The 2023 Imagine Cruising World Indoor Bowls Championship took place at Potters Leisure Resort, Hopton-on-Sea, Great Yarmouth, England, from 6 to 22 January 2023.

There were two preliminary round ties in the open singles, with Jason Banks beating Darren Weir and Jon Wilson defeating Scott Edwards. Banks went on to reach the final where he met Jamie Walker. This was first time that the open/men's singles final featured two unseeded players since seeds were introduced in 1988. Previously, eight unseeded players had reached finals (five went on to win) but all eight had played seeded players in the final.
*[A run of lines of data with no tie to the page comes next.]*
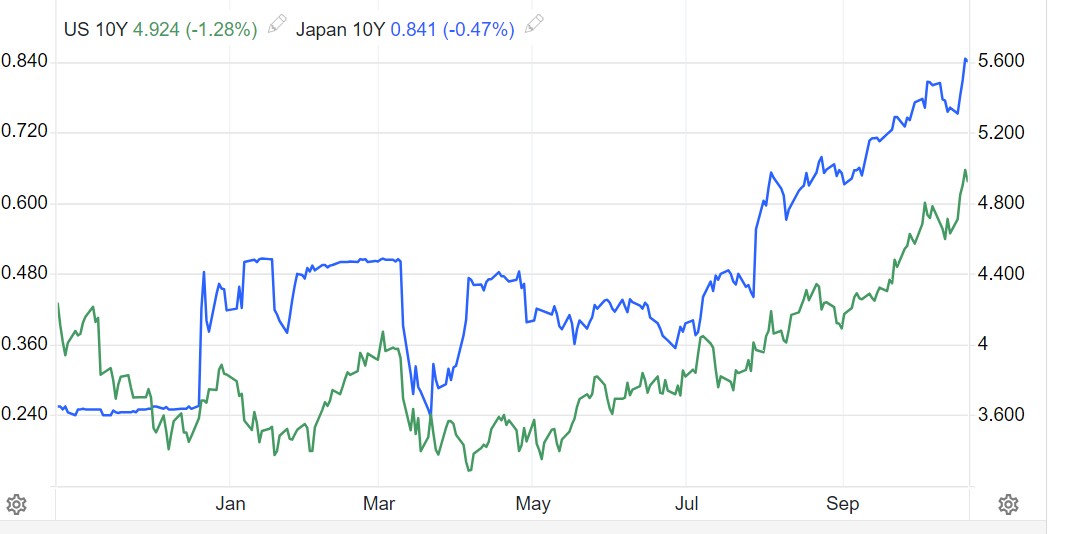 美国10年期国债收益率目前在4.93%附近,几乎是日本10年期国债收益率(0.84%左右)的接近6倍。日本央行行长植田和男周五表示,日本央行将继续耐心地保持宽松的货币政策,以实现稳定、可持续的2%通胀目标。
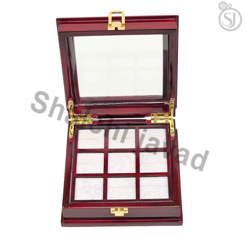 جعبه انگشتر 9 عددی شیشهای | قاب شیشهای پولیستر زرشکی مخصوص طلافروشی و نقرهفروشی
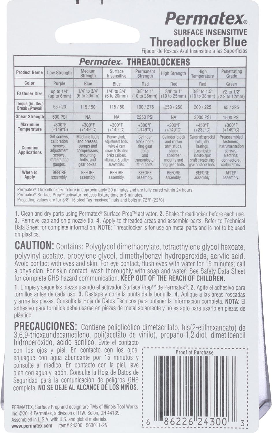 Permatex Surface Insensitive Threadlocker Blue is a medium/high strength threadlocker for general-purpose applications. Especially well-suited for 6mm to 20mm fasteners that have a slight oil film, this threadlocker prevents loosening due to vibration. Oil resistant and removable with hand tools for easy disassembly. Applied as a liquid or gel, threadlockers are superior to conventional lock washers, nylon inserts, and other mechanical devices because they secure the entire fastener assembly against loosening from shock and vibration by filling the space between threaded metal parts, curing to form a tough, adhesive bond and seal. They also seal the threads against leakage, preventing rust and corrosion.

In the final, Walker gained a five shot lead after just two ends but Banks continually played close to the jack and drew level before Walker won the last end with the last bowl. The second set was also close with Banks leading before Walker managed to level the set on the last end and by doing so win the title.

Katherine Rednall won her fifth women's singles to extend her record, she fought back after losing the first set to defeat Ceri Ann Glen in the tie break set.

Greg Harlow and Nick Brett won the Open Pairs defeating Jason Greenslade and Michael Stepney in the final. It was Brett's six title and Harlow's fifth title over all disciplines.

Stewart Anderson and Ceri Ann Glen won the mixed pairs final, it was Anderson's sixth win over all disciplines.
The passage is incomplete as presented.